RECORDS FOR THE TASK:
Segment Open
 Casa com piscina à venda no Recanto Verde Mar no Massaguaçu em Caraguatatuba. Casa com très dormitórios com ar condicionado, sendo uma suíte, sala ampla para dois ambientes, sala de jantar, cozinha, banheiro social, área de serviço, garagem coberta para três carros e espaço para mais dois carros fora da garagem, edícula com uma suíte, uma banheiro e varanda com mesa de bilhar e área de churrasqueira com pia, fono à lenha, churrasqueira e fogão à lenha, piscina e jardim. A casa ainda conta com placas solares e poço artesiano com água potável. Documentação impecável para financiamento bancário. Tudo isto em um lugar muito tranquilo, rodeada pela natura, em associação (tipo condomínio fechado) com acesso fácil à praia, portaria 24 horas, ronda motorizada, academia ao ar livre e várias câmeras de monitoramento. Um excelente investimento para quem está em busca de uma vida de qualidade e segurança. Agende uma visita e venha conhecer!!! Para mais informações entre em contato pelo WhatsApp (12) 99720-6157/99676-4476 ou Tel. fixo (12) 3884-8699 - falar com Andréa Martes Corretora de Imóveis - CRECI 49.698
Segment Closed
Segment Open
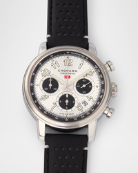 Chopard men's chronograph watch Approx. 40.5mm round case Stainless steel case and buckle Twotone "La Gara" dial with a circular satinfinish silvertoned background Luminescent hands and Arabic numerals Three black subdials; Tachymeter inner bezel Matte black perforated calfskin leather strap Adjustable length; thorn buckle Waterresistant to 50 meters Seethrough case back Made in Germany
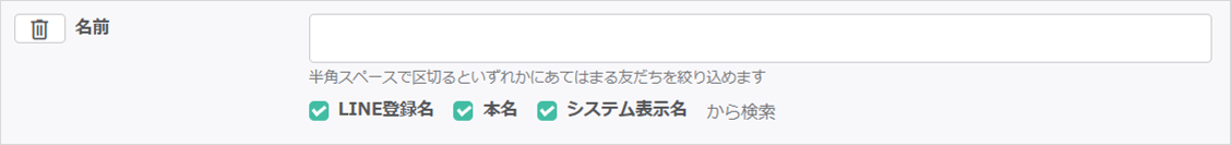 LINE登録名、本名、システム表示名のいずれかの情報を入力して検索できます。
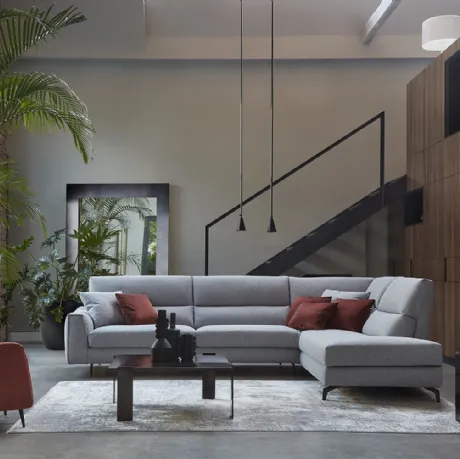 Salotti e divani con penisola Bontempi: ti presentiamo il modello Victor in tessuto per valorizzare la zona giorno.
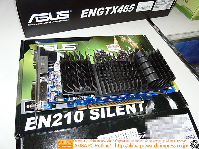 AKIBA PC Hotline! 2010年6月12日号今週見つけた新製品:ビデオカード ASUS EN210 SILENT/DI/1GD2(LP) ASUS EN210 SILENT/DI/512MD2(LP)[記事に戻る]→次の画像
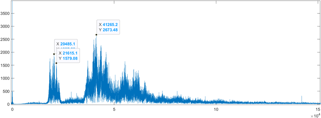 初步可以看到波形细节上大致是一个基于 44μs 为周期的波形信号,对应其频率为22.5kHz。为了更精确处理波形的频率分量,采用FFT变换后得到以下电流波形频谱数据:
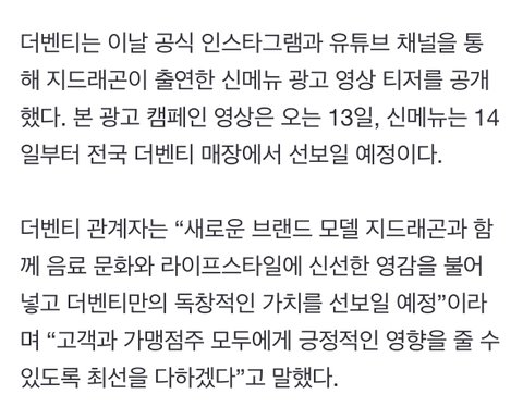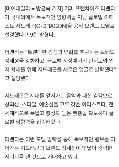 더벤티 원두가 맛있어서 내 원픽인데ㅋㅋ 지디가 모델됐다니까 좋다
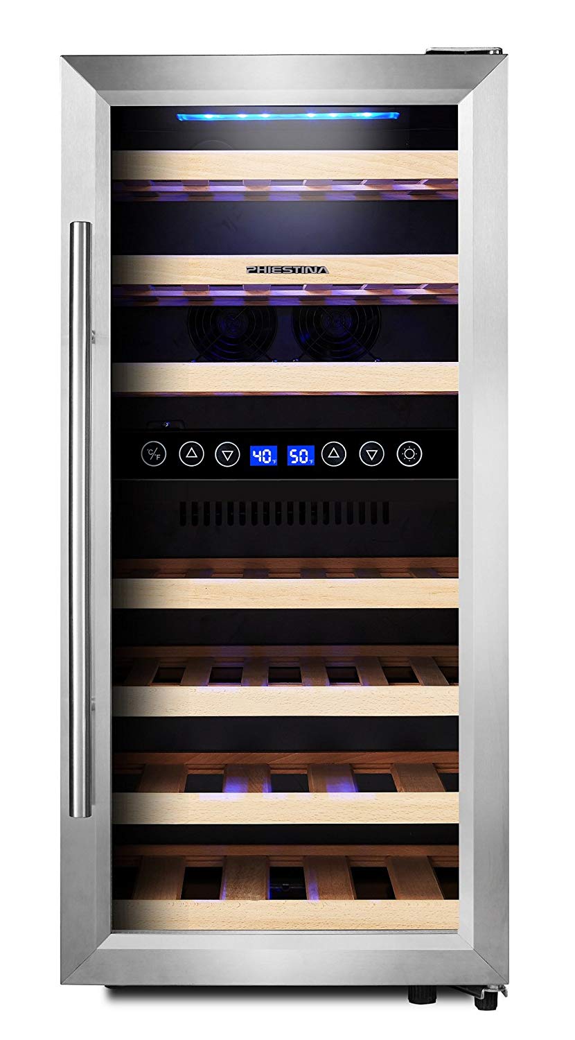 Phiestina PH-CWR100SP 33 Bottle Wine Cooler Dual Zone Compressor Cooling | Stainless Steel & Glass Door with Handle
Segment Closed
WORK TASK: Copy word for word the lines of the records above from the one with "LINE登録名、本名、システム表示名のいずれかの情報を入力して検索できます。" up to and including the one with "AKIBA PC Hotline!". Skip the pictures.

ANSWER SECTION:
 LINE登録名、本名、システム表示名のいずれかの情報を入力して検索できます。
 Salotti e divani con penisola Bontempi: ti presentiamo il modello Victor in tessuto per valorizzare la zona giorno.
 AKIBA PC Hotline! 2010年6月12日号今週見つけた新製品:ビデオカード ASUS EN210 SILENT/DI/1GD2(LP) ASUS EN210 SILENT/DI/512MD2(LP)[記事に戻る]→次の画像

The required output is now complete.